This Document outlines my MSc Dissertation Project Proposal, the purpose of which is to reimplement a new model proposed by Peter Dayan and Quentin J. M. Huys that helps reconcile apparent contradictions in the literature regarding the neuromodulator serotonin, and its role in psychiatric disorders,(such as depression) and in normal affective behaviors. After implementing the model, I will evaluate its claims and work on possible extension.
Serotonin [5-HT] is a neurotransmitter that appears to play a critical role in a wealth of psychiatric conditions, including depression, anxiety, panic, and obsessive compulsions. However, despite the importance of serotonergic pharmacotherapies, notably selective serotonin reuptake inhibitors (SSRIs -- the classic antidepressant drugs), the roles that serotonin plays in normal and abnormal function are still mysterious. Recently, Dayan and Huys  proposed a new model for the role of serotonin. They considered a simple model of chains of affectively charged thoughts, and interpret the effect of serotonin in terms of pruning a tree of possible decisions, (i.e., eliminating choices that have low or negative expected outcomes). They show that this model could help reconcile apparent contradictions in the litterature, in particular the fact that inhibition of serotonin reuptake is the first-line treatment of depression, despite the fact that serotonin itself might signal more 'negative' than appetitive outcomes and predictions. In this project, I will reimplement the model of , evaluate its claims and work on simple extensions.
The major or unipolar depression is a serious mental disorder that is an outcome of a combination of genetic, developmental, and environmental factors.
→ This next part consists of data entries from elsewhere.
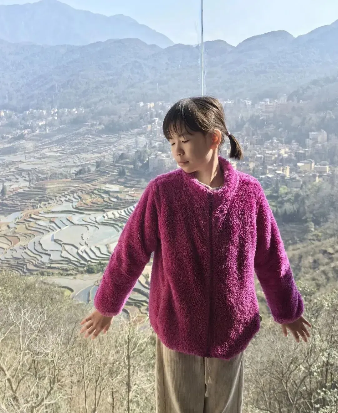 民宿楼梯间的玻璃窗很宽敞,透过窗户能看到大片梯田,视野很好,算是不错的观光点。如果多依树观景台的门票值76元,这个窗户观景台的门票也值50元。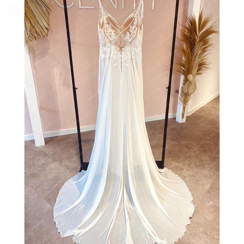 Boho Chiffon Spaghetti Straps Wedding Dress V Neck Backless Bridal Gown Applqiue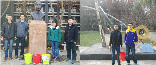 2014年11月22日,yl6809永利ZY14053党支部和BY14051党 支部成员在校园内清洗了包括图书馆广场前右侧飞天之门、钱学森雕像、二号楼前杨为民雕像、一号楼内一层大厅陆士嘉和王德荣雕像、北京二号纪念碑、邓小平雕 像、支点雕塑、冯如雕像、两弹一星纪念碑等校园雕塑雕像,他们是北航校园文化的一部分,而又日夜经历风吹雨淋日晒,他们需要北航人的保护。雕塑清洗过程, 也是我们温习北航温暖瞬间的时刻,每一个雕塑背后都有自己的动人故事,活动结束,同学们在微信群内相互分享了雕塑的故事,分享着自己的感悟,相互学习,共 同祝愿母校文化能够继续辉煌发展!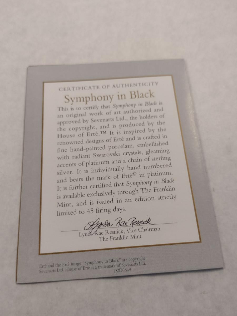 House of Erte Numbered, Limited Edition, Hand Painted Porcelain 'Symphony in Black' Art Deco Figurine- No. M5166. Part of a collection released by Franklin Mint. Figurine stands approx 10 1/2" tall and comes with COA. No noticeable chips or cracks. Appears to be in good condition. Item will be available for third party packing and shipping only.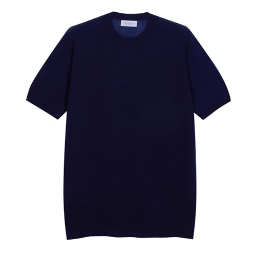 Diana Studio - T-shirt i tröja, herr, 100% Lyocell, kortärmad, ledig passform, tillverkad i Italien, Marinblå, XL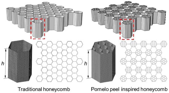 Finite element models of traditional honeycomb and pomelo peel honeycomb [38].

It is most characteristic symptoms are depressed mood (sadness) and the inability to experience pleasure (melancholy or anhedonia) [1,2]. Depressive states are also characterized by sleep disorder, change in weight or appetite, fatigue, loss of energy, psychomotor retardation, agitation, difficulty concentrating, indecisiveness, guilt, low self-esteem, recurrent thoughts of death or suicide . According to the National Statistics Psychiatric Morbidity report, conducted in 2001, depression and mixed anxiety is considered as the most common mental disorder in Britain, affecting approximately 9% of the people.
Serotonin5-Hydroxytryptamine (5-HT)is a monoamine neurotransmitter that is primarily found in thegastrointestinal(GI) tract andcentral nervous system (CNS) of humans and animals. Serotonin is created in the body from theamino acid tryptophan and acts as a chemical messenger that transmitsnerve signals between nerve cells. It has various functions, including the regulation of mood, appetite, sleep, muscle contraction, and some cognitive functions including memory and learning.
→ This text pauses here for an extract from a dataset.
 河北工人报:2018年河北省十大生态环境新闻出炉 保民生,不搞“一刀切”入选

Since the discovery of the hormone serotonin in the brain and its identification as a neurotransmitter, many hypotheses have emerged, suggesting that alterations in serotonergic neuronal function in the central nervous system may cause major depression . The most concrete evidence of this connection is the decreased concentration of serotonin metabolites like 5-HIAA (5-hydroxyindole acetic acid) in the cerebrospinal fluid and brain tissues of depressed people, found from many studies . So based on that theory, if depression is an outcome of lower than usual levels of serotonin in the brain, pharmaceutical agents that can reverse this effect should contribute to the treat of patients that suffer from depression. Serotonin is activated when released by neurons into the synapse and then terminated by being taken back into the neuron (serotonin reuptake). So antidepressants function at the synapse to enhance serotonin activity, by blocking serotonin reuptake.
One kind of antidepressants used for cases of depression, are the selective serotonin inhibitors (SSRIs). These drugs, as described above, work by altering the function of neurons that release serotonin by blocking the reuptake of serotonin back into the cell. Therefore the level of serotonin activity is increased in any part of the nervous system that uses this neurotransmitter as a chemical signal between cells [6,7]. Such drugs are Citalopram, Fluoxetine, Flovoxamine, Paroxetine and Sertraline.
On the other hand if we consider all the studies conducted to determine the connection between serotonin and depression, we conclude to the fact that depression can not be understood as a simple excess or deficiency of serotonin, as the serotonergic system is much more complex. There are different serotonin receptor subtypes that influence different psychological functions. So the roles that serotonin plays in normal and abnormal functions are still mysterious [9,10]. There are 4 particular findings from the literature that support this fact. First serotonin is involved in the prediction of aversive events, possibly as a form of opponent to dopamine another neurotransmitter which has involvement in control associated with appetitive outcomes [11,15]. Secondly serotonin is involved in behavioral inhibition (a pattern of behavior involving avoidance, withdrawal, and fear of the unfamiliar) preventing actions that would lead to aversive outcomes because of their prediction . Thirdly, studies show that serotonin is connected to depression and that by depleting 5-HT in human subjects who have recovered from depression (by depleting the amino acid tryptophan from which serotonin is produced), can lead to re-experience of subjective symptoms of the disease . Fourthly, while SSRIs, as stated above, are used in the treatment of depression, genetic decreases in the efficiency of serotonin reuptake, may cause a depression . The above findings show the serotonins various roles in normal affective behaviors that are hard to reconcile.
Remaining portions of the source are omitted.